Planning the Media Literacy Unit

After a week of wasting away my time on MySpace and watching worthless television, I’m becoming more optimistic about student teaching and how much of the time I would be spending doing absolutely nothing better will at least be spent trying to become the best teacher that I can be for my now and future students.

I’m in the process of planning the 9th grade personal narrative unit and, today, I started planning the 10th grade media literacy unit.  I’ve found a wealth of materials online and am now coming face to face with the problem of narrowing down the resources that I will be able to use for a mere three week unit.  I could teach a class on this subject.  Perhaps, someday? 🙂

One of the best resources that I’ve found, oddly enough, has been a blog published by a magazine called Stay Free!.  They describe themselves as “a Brooklyn-based magazine that explores the politics and perversions of mass media and American culture.”  The media literacy program that they provide for high school and college teachers is amazing. 

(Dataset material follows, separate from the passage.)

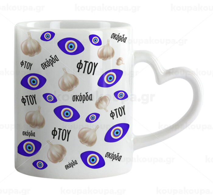 Φτου, φτου, σκόρδα!!!, Κούπα καρδιά χερούλι λευκή, κεραμική, 330ml
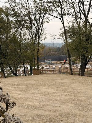 The foundation slab for the Budapest Hungary Temple has been installed. Before the concrete was poured, trenches were dug for the below-grade plumbing and utilities that will service the building. The black pipes coming through the foundation will be part of the rough-in plumbing for the water, drain, and vent lines. Construction of the temple and ancillary building began four months ago.

From their blog I found out about Merchants of Cool, a PBS documentary detailing how corporations try to market their products to teenagers.  I am considering showing this toward the beginning of the unit.  Another introductory activity I picked up was a Powerpoint “Alphabet” excercise found in the curriculum’s course introduction.  From this slideshow students are tested on how well they know the environment surrounding them compared to letters that they see on commercial products all the time.

On a slightly off-topic, but still related, note, I also found on their site an intriguing article by Edward Jay Epstein entitled “The Marketing of Diamonds: How a successful cartel turned a worthless rock into a priceless gem.”  Between this, the constant references to “blood diamonds” in rap songs and the new movie Blood Diamond, I am beginning to feel unforgivably and irreversably conditioned, myself.  Perhaps I can tie my impending marriage and my conflicted desires and beliefs into the unit?  Ha!

But, I am having fun designing this unit.  Just have to get back to basics.  Logic. Rhetoric. Persuasion.  Logic. Rhetoric. Persuasion.